Can I use the same model for both generation and self-critique?

Yes—this is the standard approach in Constitutional AI. The same model that generates the response evaluates it. Research shows that models are often better at identifying problems in text than avoiding them during generation, making self-critique effective even without a separate evaluator model.

How does self-critique differ from using claude ai prompts seo system instructions for safety?

System instructions set upfront constraints but can't catch every edge case during generation. Self-critique operates post-generation, evaluating the actual output against principles. The combination is more robust: system instructions reduce the frequency of issues, and self-critique catches what slips through.

What if the self-critique loop introduces new errors during revision?

This is common and exactly why iterative passes matter. The second critique pass is specifically designed to catch issues introduced during revision. Additionally, include 'preserve accurate content' instructions in your revision prompt to minimize unnecessary changes that could introduce errors.

How does implementing self-critique connect to RLAIF training in Constitutional AI?

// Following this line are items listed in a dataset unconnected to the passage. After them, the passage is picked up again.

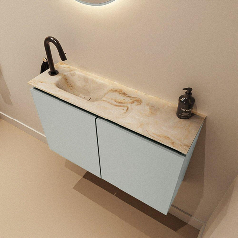 MONDIAZ TURE-DLUX Meuble WC 80 cm Greey. Lavabo EDEN Frappe position gauche. Avec 1 trou de robinet.
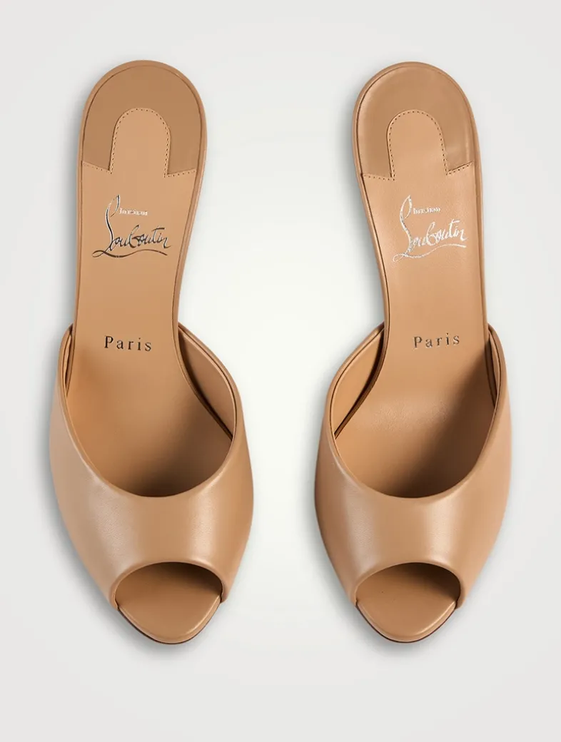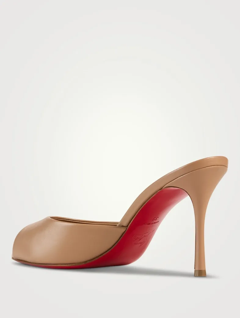 Inspired by Dolly Parton, the Me Dolly mule has been reworked with a new heel height. This stunning model has a wide, almond-shaped peep-toe construction, and Maison Christian Louboutin’s signature 85mm ‘fetish’ heel.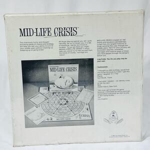 Introducing the Vintage Mid Life Crisis Board Game from 1982, a retro adult party game designed to bring humor and fun to gatherings. This collectible game captures the spirit of the early 80s with its nostalgic themes and playful challenges. The box is new, sealed, and in excellent condition.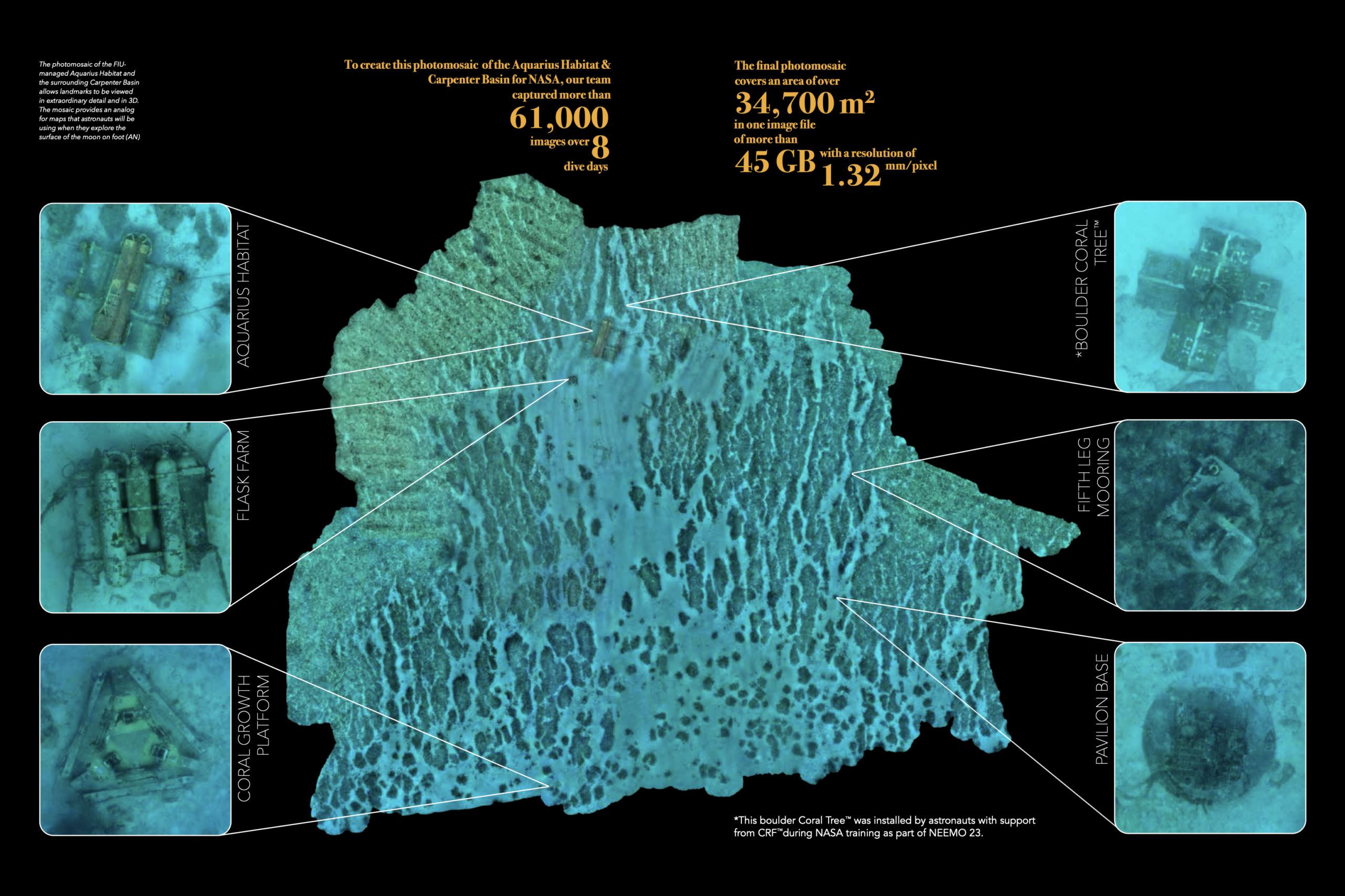 Over the years, CRF has contributed to this work through both technical innovation and hands-on training. In 2021, as NASA prepared for its next phase of human lunar exploration, the agency commissioned CRF to produce a high-resolution, three-dimensional photomosaic of the Aquarius habitat and surrounding seafloor. Built from more than 60,000 images captured over eight days of diving, the map spans nearly 35,000 square meters (roughly the size of five football fields) at millimeter-scale resolution. At that level of detail, even the smallest features of the habitat structure, down to the bolts that hold it together, can be clearly visualized in 3D. This extraordinary map created a precise environmental analog for how humans may navigate unfamiliar terrain beyond Earth.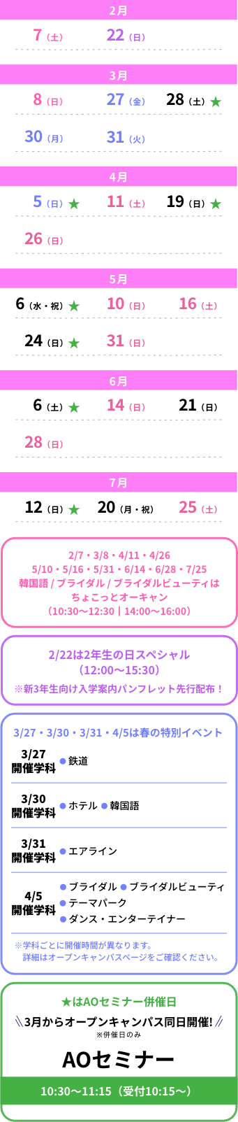早く進路を決めたい、と参加した春のイベント。式場見学でブライダルの魅力を知り、親身な先輩に憧れて入学を決めました。 入試は6月の第1回AOでエントリー。事前にセミナーを受けたおかげで、面談もリラックスして臨めました。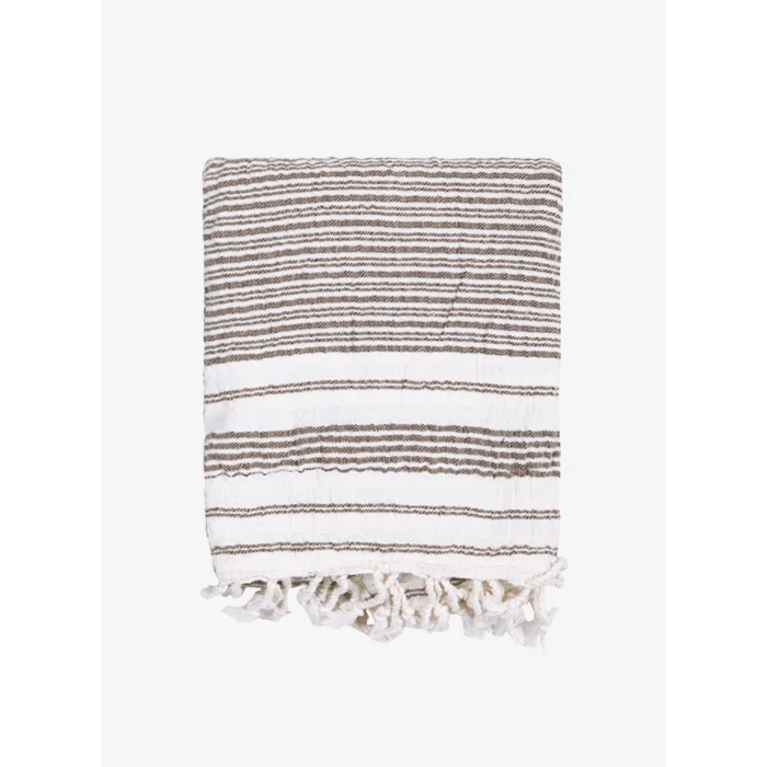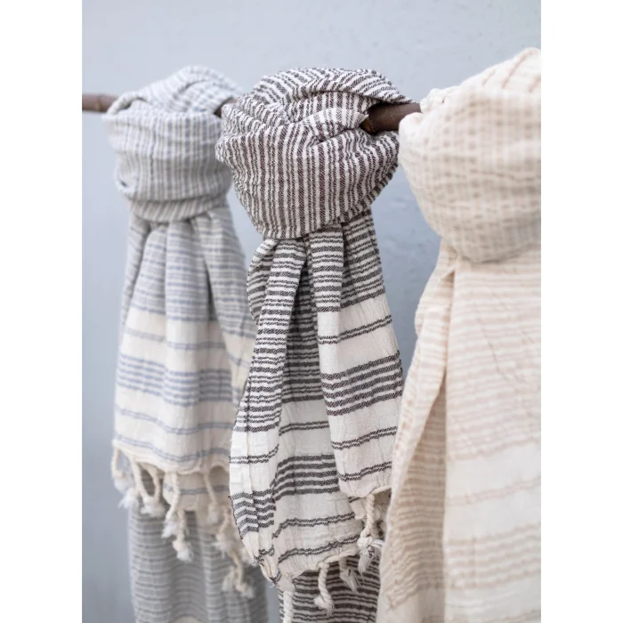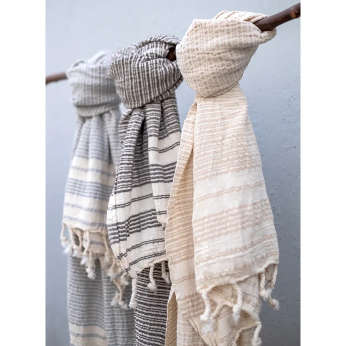 Bürümcük Peshtemal is produced by the traditional black loom weaving method. The extra softness and air permeability of the product comes from this weaving method and the expertly developed yarn structure.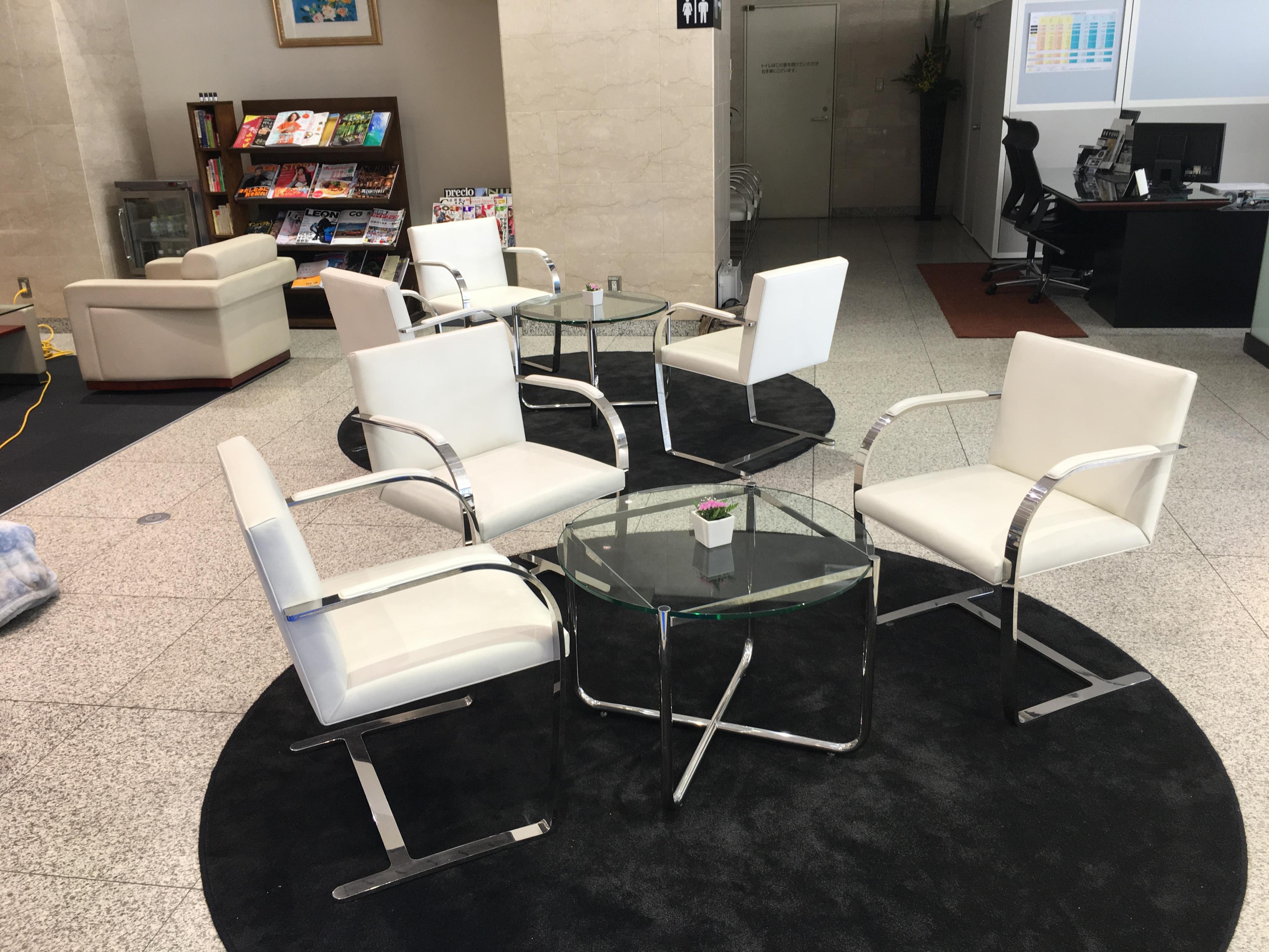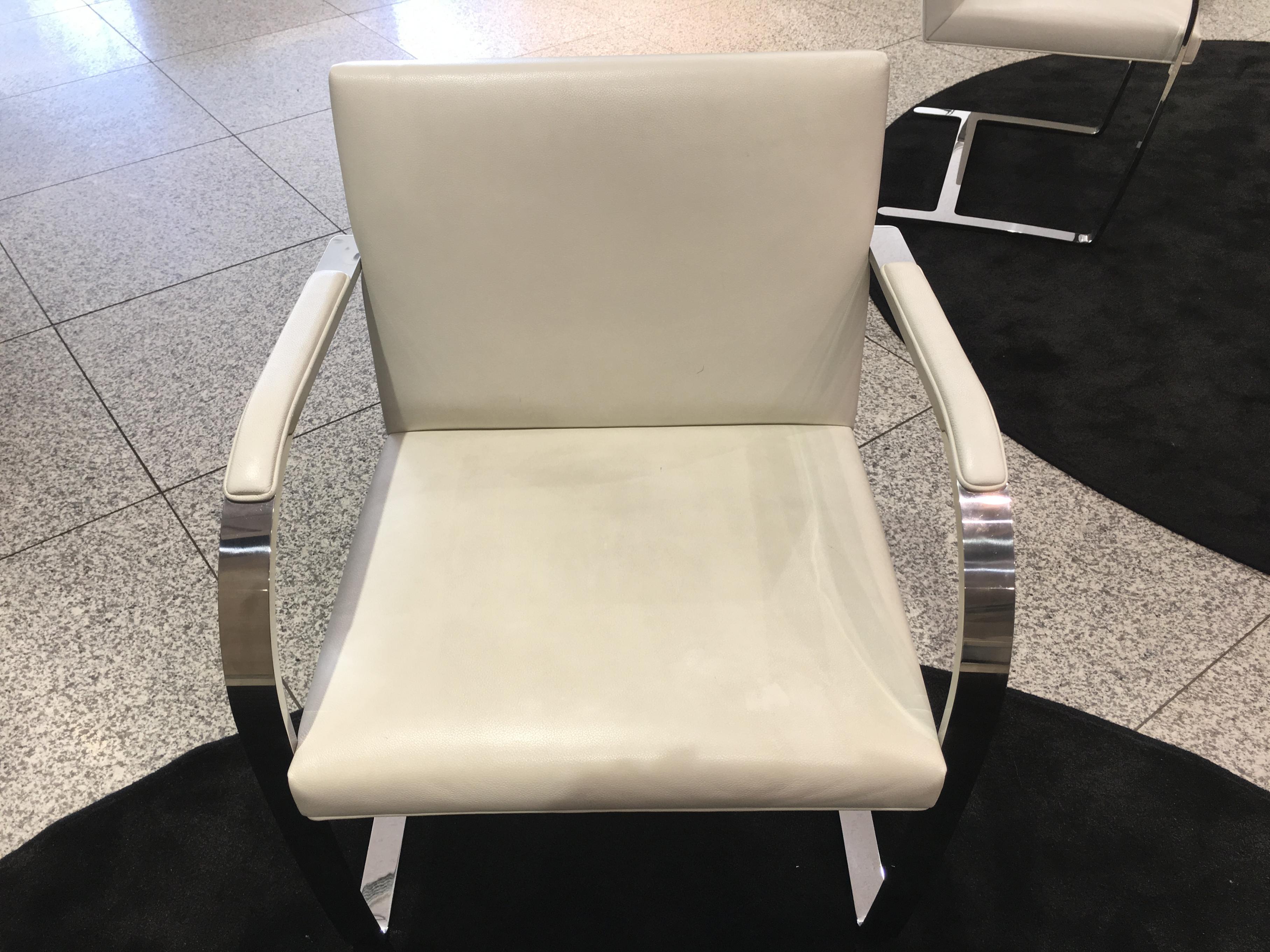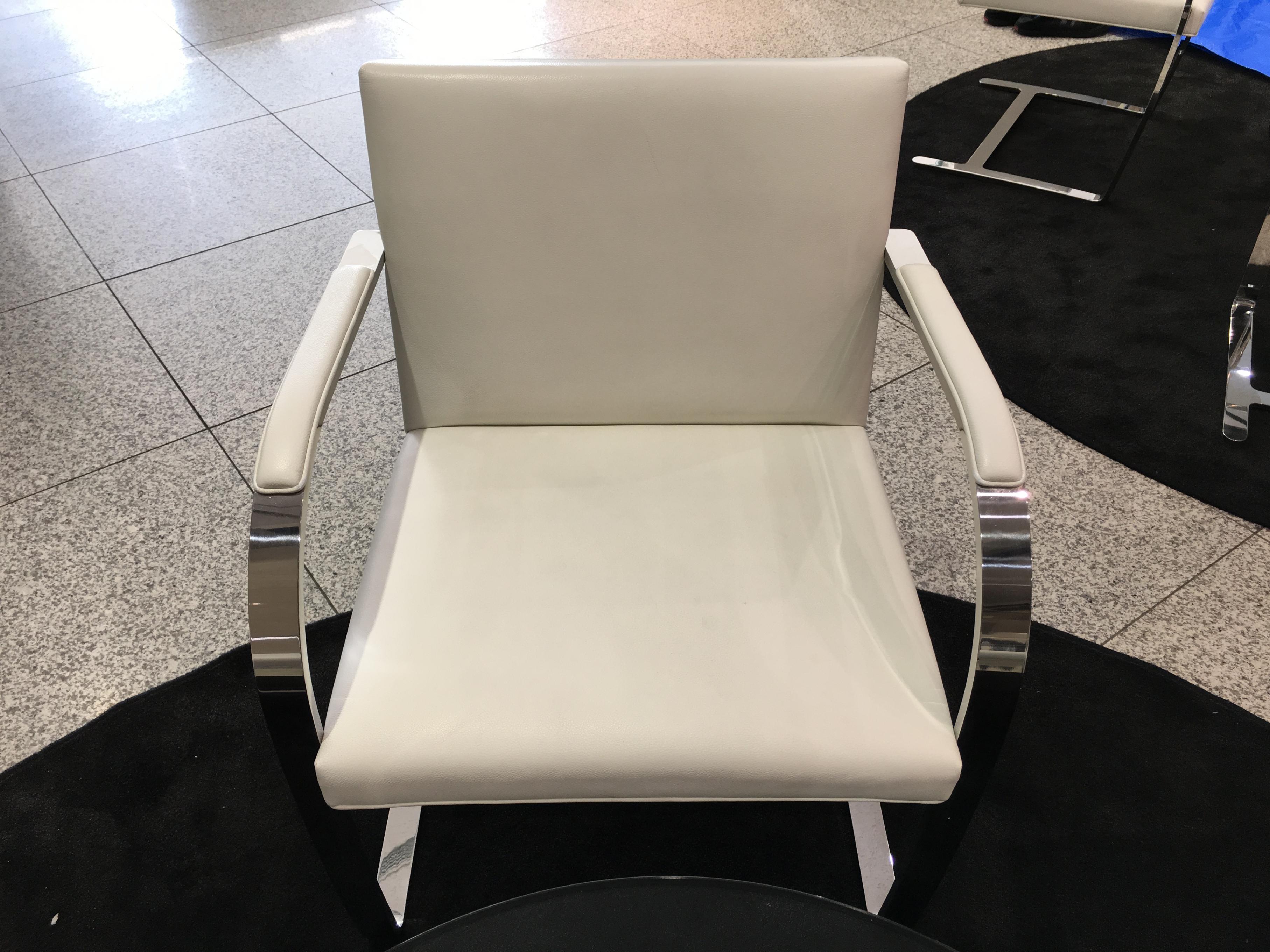 接客用アームチェアのクリーニング。本体は本革、肘、脚はスチール。オフホワイト色の為、

The critique-revision pairs generated by this process become training data for RLAIF. The model learns to prefer revised responses over initial ones, effectively internalizing the constitutional principles. See our guide on generating reinforcement learning from AI feedback for the full training pipeline.

Can I apply self-critique to existing AI content that wasn't generated through Constitutional AI?

Absolutely. Self-critique works on any text regardless of how it was generated. You can retroactively evaluate and revise existing AI-generated content, human-written content, or outputs from any model by feeding them through your critique-revision loop with your chosen constitutional principles.